[Start of section]

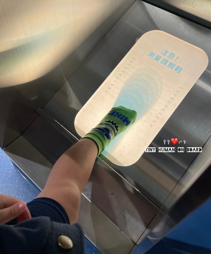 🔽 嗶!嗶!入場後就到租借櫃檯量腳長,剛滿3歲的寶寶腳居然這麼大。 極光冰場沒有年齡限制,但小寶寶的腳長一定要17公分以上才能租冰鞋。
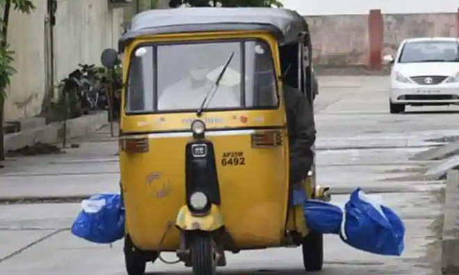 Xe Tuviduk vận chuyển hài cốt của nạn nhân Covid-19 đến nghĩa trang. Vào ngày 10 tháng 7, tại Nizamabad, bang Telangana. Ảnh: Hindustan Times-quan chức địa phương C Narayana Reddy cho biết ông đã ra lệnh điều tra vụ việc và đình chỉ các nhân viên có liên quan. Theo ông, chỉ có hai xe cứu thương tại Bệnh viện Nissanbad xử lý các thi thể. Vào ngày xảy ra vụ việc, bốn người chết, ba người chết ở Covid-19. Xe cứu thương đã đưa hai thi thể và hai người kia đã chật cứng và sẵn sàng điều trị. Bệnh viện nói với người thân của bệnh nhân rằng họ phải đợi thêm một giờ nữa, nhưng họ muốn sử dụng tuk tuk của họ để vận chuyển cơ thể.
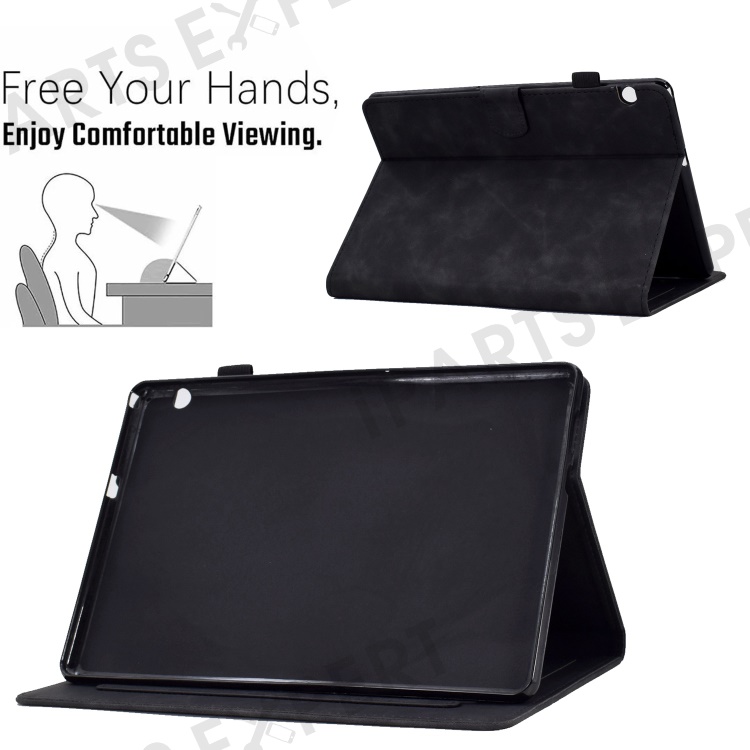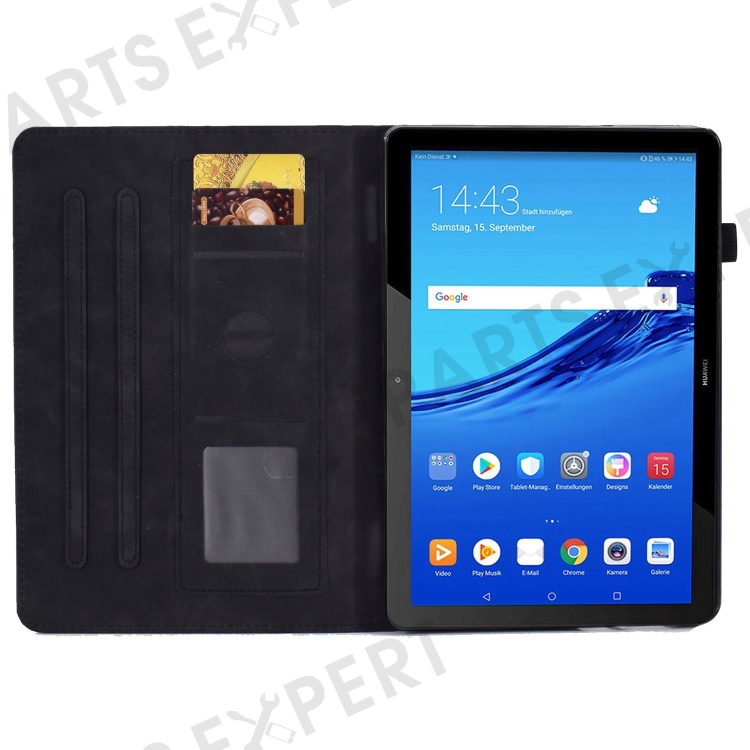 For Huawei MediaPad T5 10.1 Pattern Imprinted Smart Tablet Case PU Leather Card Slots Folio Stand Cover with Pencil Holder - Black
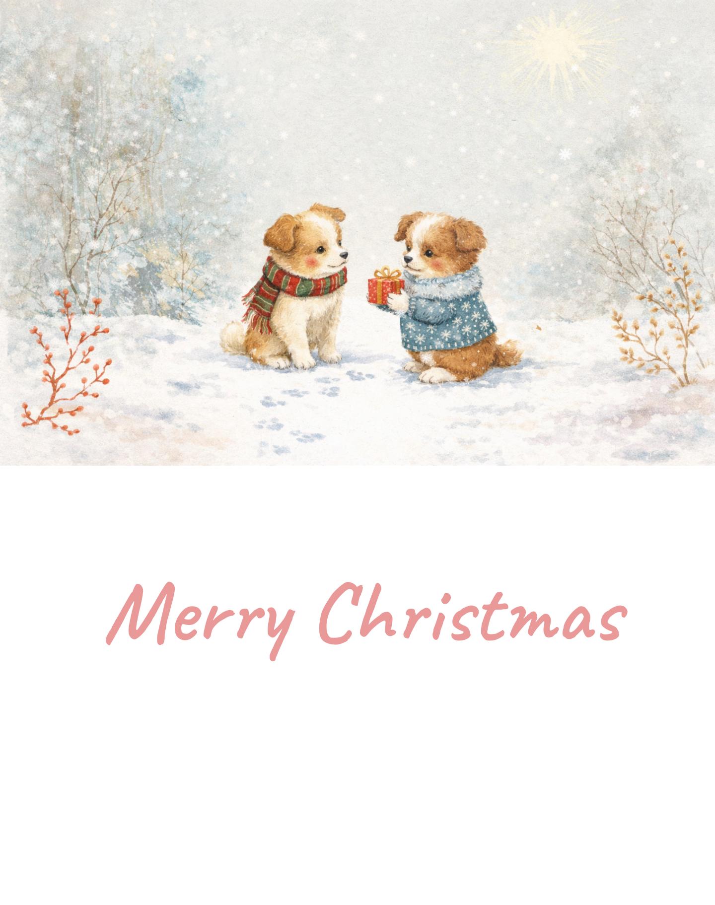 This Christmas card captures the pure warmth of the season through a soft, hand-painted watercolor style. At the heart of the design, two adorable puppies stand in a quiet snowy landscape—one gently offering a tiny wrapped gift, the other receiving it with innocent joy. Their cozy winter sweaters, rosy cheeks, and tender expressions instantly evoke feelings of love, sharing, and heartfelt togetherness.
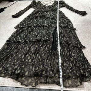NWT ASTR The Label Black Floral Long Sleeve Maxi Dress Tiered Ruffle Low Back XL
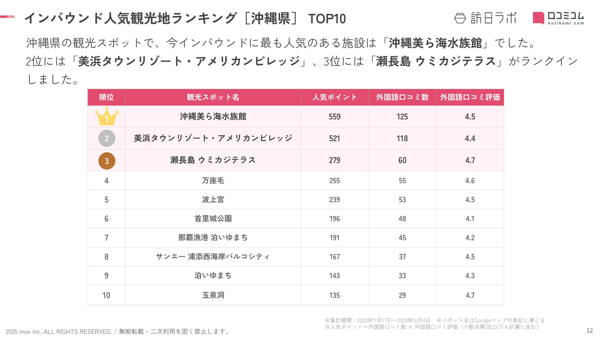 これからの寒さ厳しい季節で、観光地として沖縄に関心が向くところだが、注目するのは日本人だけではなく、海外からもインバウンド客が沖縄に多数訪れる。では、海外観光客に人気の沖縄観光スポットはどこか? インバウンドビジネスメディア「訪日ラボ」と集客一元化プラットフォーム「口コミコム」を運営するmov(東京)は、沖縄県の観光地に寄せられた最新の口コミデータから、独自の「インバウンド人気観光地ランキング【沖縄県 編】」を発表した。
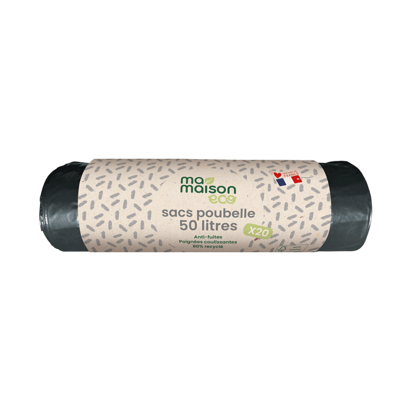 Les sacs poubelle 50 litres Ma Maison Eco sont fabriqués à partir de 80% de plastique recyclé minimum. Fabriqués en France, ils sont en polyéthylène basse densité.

[End of section]

[Work to be completed]
Transcribe the material exactly, keeping every word and none of the pictures.

[Task response]
 🔽 嗶!嗶!入場後就到租借櫃檯量腳長,剛滿3歲的寶寶腳居然這麼大。 極光冰場沒有年齡限制,但小寶寶的腳長一定要17公分以上才能租冰鞋。
 Xe Tuviduk vận chuyển hài cốt của nạn nhân Covid-19 đến nghĩa trang. Vào ngày 10 tháng 7, tại Nizamabad, bang Telangana. Ảnh: Hindustan Times-quan chức địa phương C Narayana Reddy cho biết ông đã ra lệnh điều tra vụ việc và đình chỉ các nhân viên có liên quan. Theo ông, chỉ có hai xe cứu thương tại Bệnh viện Nissanbad xử lý các thi thể. Vào ngày xảy ra vụ việc, bốn người chết, ba người chết ở Covid-19. Xe cứu thương đã đưa hai thi thể và hai người kia đã chật cứng và sẵn sàng điều trị. Bệnh viện nói với người thân của bệnh nhân rằng họ phải đợi thêm một giờ nữa, nhưng họ muốn sử dụng tuk tuk của họ để vận chuyển cơ thể.
 For Huawei MediaPad T5 10.1 Pattern Imprinted Smart Tablet Case PU Leather Card Slots Folio Stand Cover with Pencil Holder - Black
 This Christmas card captures the pure warmth of the season through a soft, hand-painted watercolor style. At the heart of the design, two adorable puppies stand in a quiet snowy landscape—one gently offering a tiny wrapped gift, the other receiving it with innocent joy. Their cozy winter sweaters, rosy cheeks, and tender expressions instantly evoke feelings of love, sharing, and heartfelt togetherness.
NWT ASTR The Label Black Floral Long Sleeve Maxi Dress Tiered Ruffle Low Back XL
 これからの寒さ厳しい季節で、観光地として沖縄に関心が向くところだが、注目するのは日本人だけではなく、海外からもインバウンド客が沖縄に多数訪れる。では、海外観光客に人気の沖縄観光スポットはどこか? インバウンドビジネスメディア「訪日ラボ」と集客一元化プラットフォーム「口コミコム」を運営するmov(東京)は、沖縄県の観光地に寄せられた最新の口コミデータから、独自の「インバウンド人気観光地ランキング【沖縄県 編】」を発表した。
 Les sacs poubelle 50 litres Ma Maison Eco sont fabriqués à partir de 80% de plastique recyclé minimum. Fabriqués en France, ils sont en polyéthylène basse densité.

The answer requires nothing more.